Причину, из-за которой мой дядя обещал мне подарок, я уже забыл. Это не был мой день рождения или Рождество: я до сих пор живо представляю себе жаркие пыльные улицы, по сторонам которых клены неподвижно свесили свои пожухлые листья. Но такое обещание он дал, и у меня не было ни малейших колебаний относительно того, что я хочу.
Не щенка колли, как у малыша Таркингтона, и даже не велосипед (у меня он уже был). Нет, я хотел (как современно это звучит сейчас) звукозапись. Не какую-то конкретную запись, хотя если бы я мог выбирать, то предпочел, наверное, какой-нибудь популярный в то время комедийный монолог или военный марш; просто свою собственную пластинку. Родители незадолго до того приобрели новый граммофон и мне не разрешали им пользоваться, боясь, что я поцарапаю нежные восковые диски. Если бы у меня была своя собственная пластинка, этот аргумент потерял бы всякую силу. Дядя согласился и обещал, что после обеда (в те времена обедали в два часа) мы прогуляемся за 8 или 10 кварталов, отделявших тогда этот дом от делового центра города, и тайком от родителей купим пластинку.

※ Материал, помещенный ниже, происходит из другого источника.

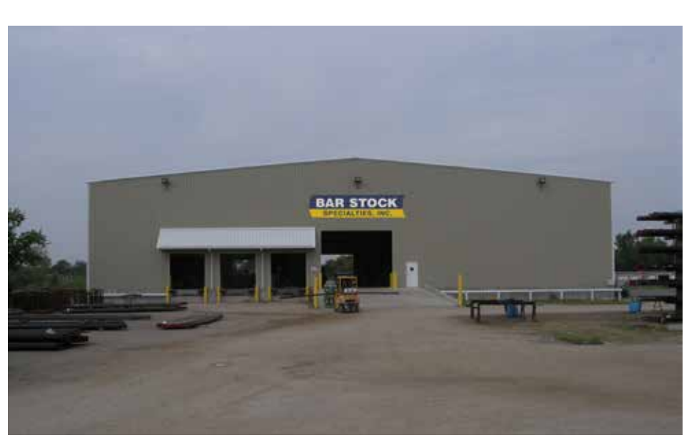
Bar Stock Specialties' stainless steel production warehouse.

Я сейчас не помню, из чего состоял тот обед, — он слился в моей памяти со многими другими, проходившими в этой темной комнате, отделанной дубом. На стол обычно подавали тушеную курицу с клецками, картошкой, отварные овощи и, разумеется, хлеб и сливочное масло. За ними следовали пирог и кофе, а потом отец с дядей выходили на парадное крыльцо, именовавшееся «верандой», чтобы выкурить по сигаре. В тот раз, когда отец уехал в контору, мне удалось, наконец, донять дядю своими требованиями, и мы отправились.
С этого момента я помню все до мелочей. Мы тащились по жаре, он в соломенном канотье и бело-голубом полосатом костюме из льняной ткани, столь же широком и объемистом, как ризы женщин, изображенных на картинках в нашей фамильной библии, я в костюмчике французского матроса, полосатой рубашке под блузой и в шапочке с помпончиком и золотой надписью «Неукротимый». Время от времени я дергал дядю за руку, хоть это мне не нравилось, поскольку дядина рука была мягкой и влажной, да еще от него исходил отвратительный запах.
Когда мы были в одном квартале от Мэйн-стрит, дядя пожаловался на плохое самочувствие, и я потребовал прибавить шагу, чтобы он мог пораньше вернуться домой и прилечь. На Мэйн-стрит он плюхнулся на скамейку и пробормотал что-то о Фреде Крофте, который был нашим семейным врачом и школьным приятелем дяди. К этому моменту я совершенно обезумел от страха за то, что мы повернем обратно, и я лишусь (как мне казалось навсегда) доступа к граммофону. Я также заметил, что обычно огненно-красное дядино лицо резко побледнело, и сделал вывод, что его вот-вот «стошнит». Эта перспектива бросила меня в крайнее отчаяние. Я настойчиво потребовал дать мне деньги, говоря, что смогу за мгновение ока пробежать оставшиеся до магазина полквартала. Он лишь застонал и вновь сказал, чтобы я привел Фреда Крофта. Я помню, как он снял свою соломенную шляпу и стал обмахиваться ею; августовское солнце беспрепятственно припекало его лысую голову.